After experiencing Shao Jun's confrontation with Zhang Yong, Dr. Kagami laments her failure to discover the whereabouts of the Precursor box before being confronted by Lisa. Using her skills gained through the Bleeding Effect, Lisa disarms Kagami and admits that the doctor helped her after all, as her experiences with Shao Jun's memories taught her that she doesn't need to change who she is. At that moment, Mari and Kiyoshi arrive, having stormed the Abstergo clinic to rescue Lisa. After destroying Kagami's Animus and sparing the doctor's life, the trio leave the clinic and are greeted by Kiyoshi's Mentor, Saeko Mochizuki.

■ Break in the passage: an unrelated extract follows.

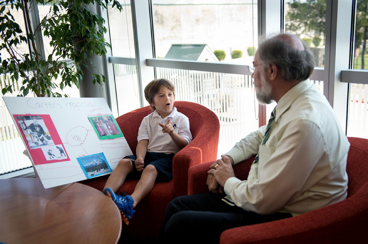 I had heard on the grapevine that Carter and some of the other 1st graders had a few concerns that improvements were needed in the school.  Specifically, they wanted Lower School students to go on Fall Trips like the Middle and Upper School students (Fall Trips are our overnight trips to various parts of Texas that took place on 13th and 14th of this month).  The rumors that the 1st graders were anxious about this turned out to be true – Carter arranged for a formal meeting with me to present a proposal.
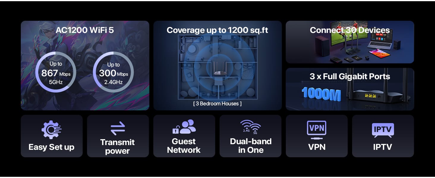 - 𝐀𝐂𝟏𝟐𝟎𝟎 𝐃𝐮𝐚𝐥-𝐁𝐚𝐧𝐝 𝐖𝐢𝐅𝐢 𝐑𝐨𝐮𝐭𝐞𝐫 𝐟𝐨𝐫 𝐇𝐨𝐦𝐞 — Ideal for gaming, 4K streaming, downloading and more with Wi-Fi speeds up to 1.2 Gbps (867 Mbps on 5 GHz band and 300 Mbps on 2.4 GHz band)

Saeko praises Lisa for everything she has accomplished and invites both her and Mari to join the Assassins. After they accept, Saeko tasks them to find Shao Jun's Precursor box. (Note: Given that the Precursor box was destroyed during the events of the 2017–2018 comic Assassin's Creed: Uprising, which takes place before Blade of Shao Jun, this mission is seemingly non-sensical and indicates a possible continuity error or retcon.)

==Publication==
Assassin's Creed: Blade of Shao Jun, written and illustrated by Minoji Kurata, was serialized in Shogakukan's seinen manga magazine Monthly Sunday Gene-X from October 19, 2019, to June 17, 2021. Shogakukan has collected its chapters into four individual tankōbon volumes, released from February 19, 2020, to August 19, 2021.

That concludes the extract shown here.